Individual differences in sleep need and typical sleep duration were assessed with two self-report items derived from van Oostrom et al. (2018): “How many hours of sleep do you think you need in a 24-hour period?” and “How many hours of sleep do you usually get in a 24-hour period?”
Individual differences in hardiness were assessed with the 15-item Dispositional Resilience Scale (DRS-15; Bartone, 1995). Negatively keyed items were reversed scored. Item scores were summed with higher scores (highest score possible is 60) reflecting higher hardiness and lower scores (lowest score possible is 15) reflecting lower hardiness (Cronbach’s Alpha α = .73).
Cognitive Task Suite
Fatigue effects on attention were measured with a 10-minute Psychomotor Vigilance Test (PVT; Dinges & Powell, 1985). The PVT is a simple reaction time task (see Figure 1) that has been used extensively in the sleep literature to assess declines in attention (Lim & Dinges, 2008). Participants make a key press as soon as they see a millisecond counter appear on the screen. Between trials is a random interstimulus interval of 2 to 10 seconds.
PVT trial progression.
Fatigue effects on working memory processes (Jaeggi et al., 2010) were assessed with a 10-minute N-back task (Kirchner, 1958). The 2-back task included a subset of letters from the alphabet, where participants pressed a key when a letter presented two back was repeated (see Figure 2 for trial progression).

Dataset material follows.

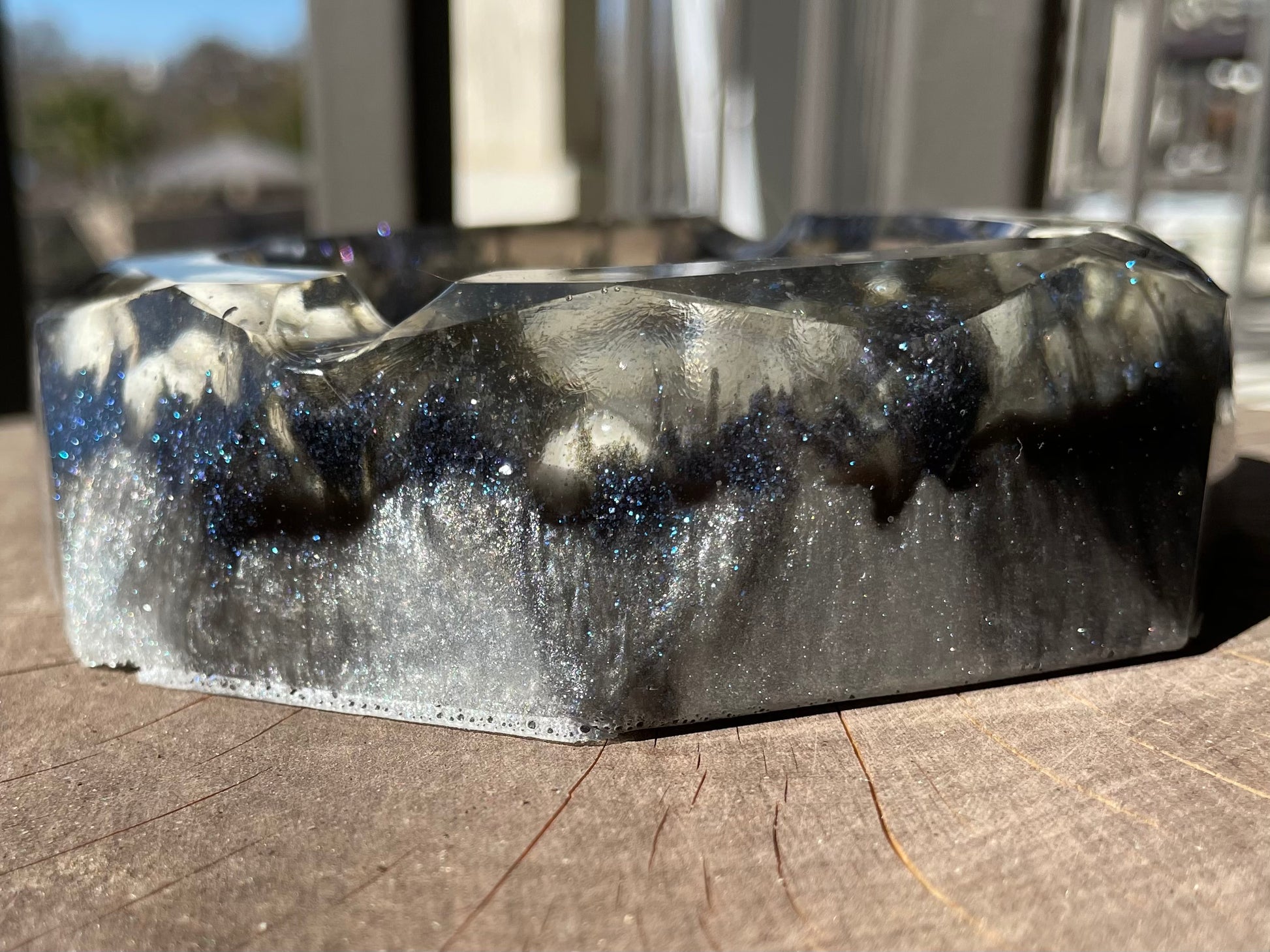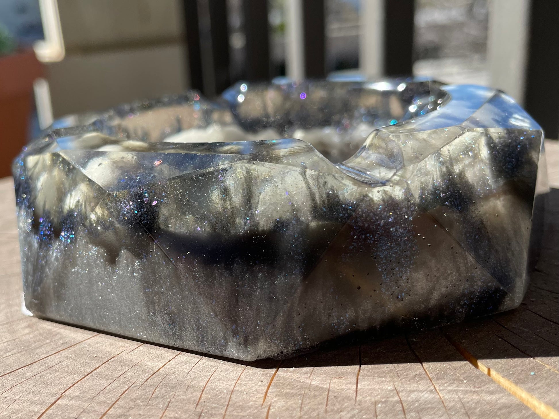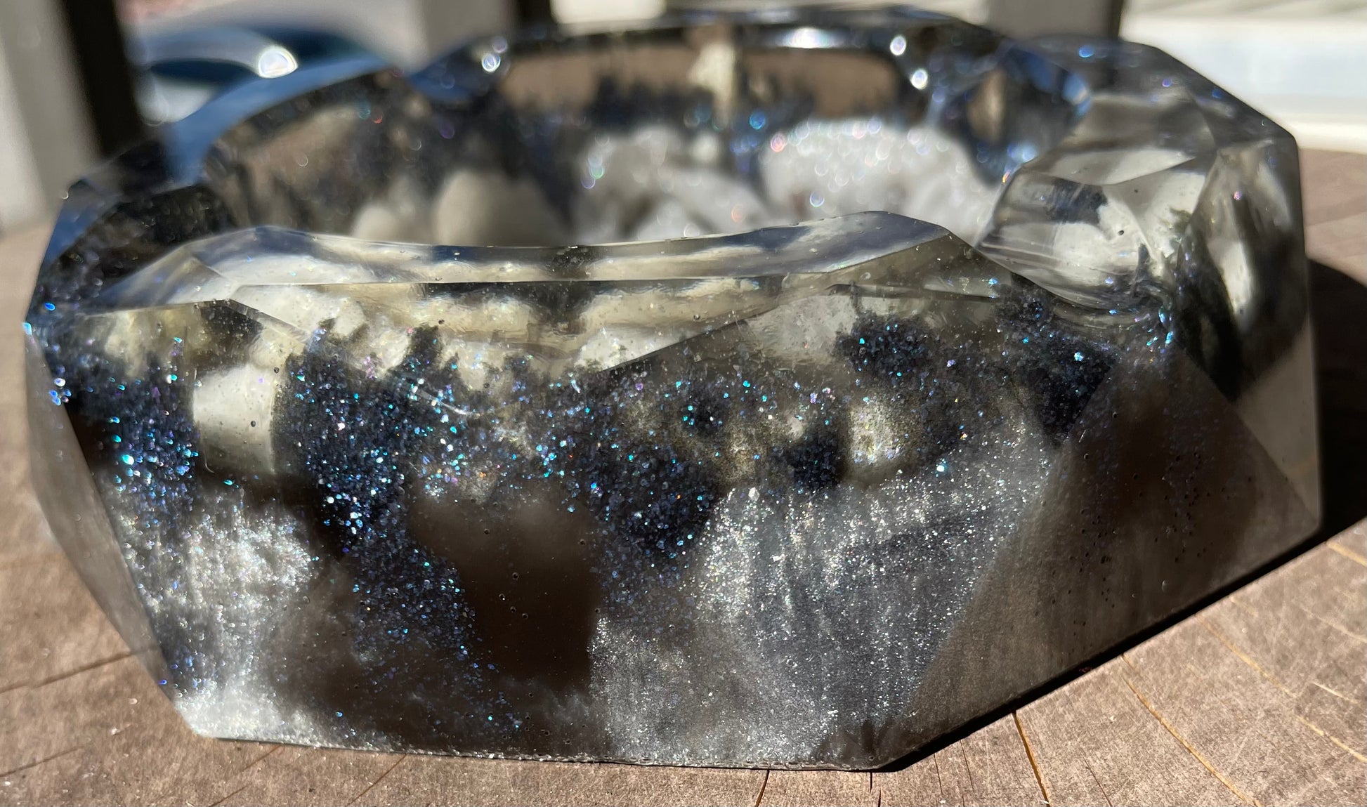 This dish is made with black and white pigment, and added holographic pigment sparkles.

N-back task trial progression.
Fatigue effects on executive functioning processes were measured with a 10-minute Change Signal Task (CST; Brown & Braver, 2005). This task adapts the delay between an initial stimulus and a “change signal” to ensure that errors occur in performance (longer delay results in worse performance), providing insight into aspects of executive functioning such as response re-engagement in inhibitory control (Boecker et al., 2013). The task used in the study adjusted the delay based on performance: correct responses resulted in 2 ms increments of the delay and incorrect responses resulted in 50 ms decrements to the delay (see Figure 3). Due to an issue with software, 33 pilots had usable data for the CST.
CST trial progression.
Procedure
The study collected data from 14 cohorts of augmented mobility crews (i.e., three pilots to each cohort). The study spanned 6 days, with 2 days of pre-simulator session (Day 1 and 2) and 2 days of post-simulator session (Day 3 and 4) data collection. For the current effort we only focus on the demographic and individual difference data collected on Day 1 before the simulator session and a subset of data collected right before, during, and right after the simulator session (Day 3 and 4). The simulator session began on Day 3 of the study and lasted 24 hours (into Day 4) with various mobility mission tasks of different complexity levels. Participants completed a cognitive task suite (PVT, N-Back, and CST) throughout the simulator session after the completion of major mission tasks. To increase the realism of the simulator session, participants engaged in crew rest similar to what they would experience in real missions. Crew rest was not controlled in the study, but left to the crews to organize. Given this uncontrolled crew rest and other simulator-related issues, each participant (pilot) had varying numbers of the cognitive task suite bouts.
Statistical Analyses
We analyzed several relationships between the individual difference measures and cognitive task performance throughout the simulator session with a median split and several behavioral outcomes, respectively. For the PVT we focused on median reaction time (RT), lapses, and false starts. For the N-back we focused on median RT, false alarms, and hit rate. Lastly, for the CST we focused on median RT and hit rate. Analyses were conducted with general linear mixed effects models in Python (statsmodels.mixedlm).
Results
RT was significantly slower in the PVT and N-back, number of lapses increased significantly in the PVT, and hit rate was significantly lower in the N-back and CST with simulator session time (highest p = .007). PVT false start (p = .16) and CST RT (p = .61) did not change significantly with simulator session time.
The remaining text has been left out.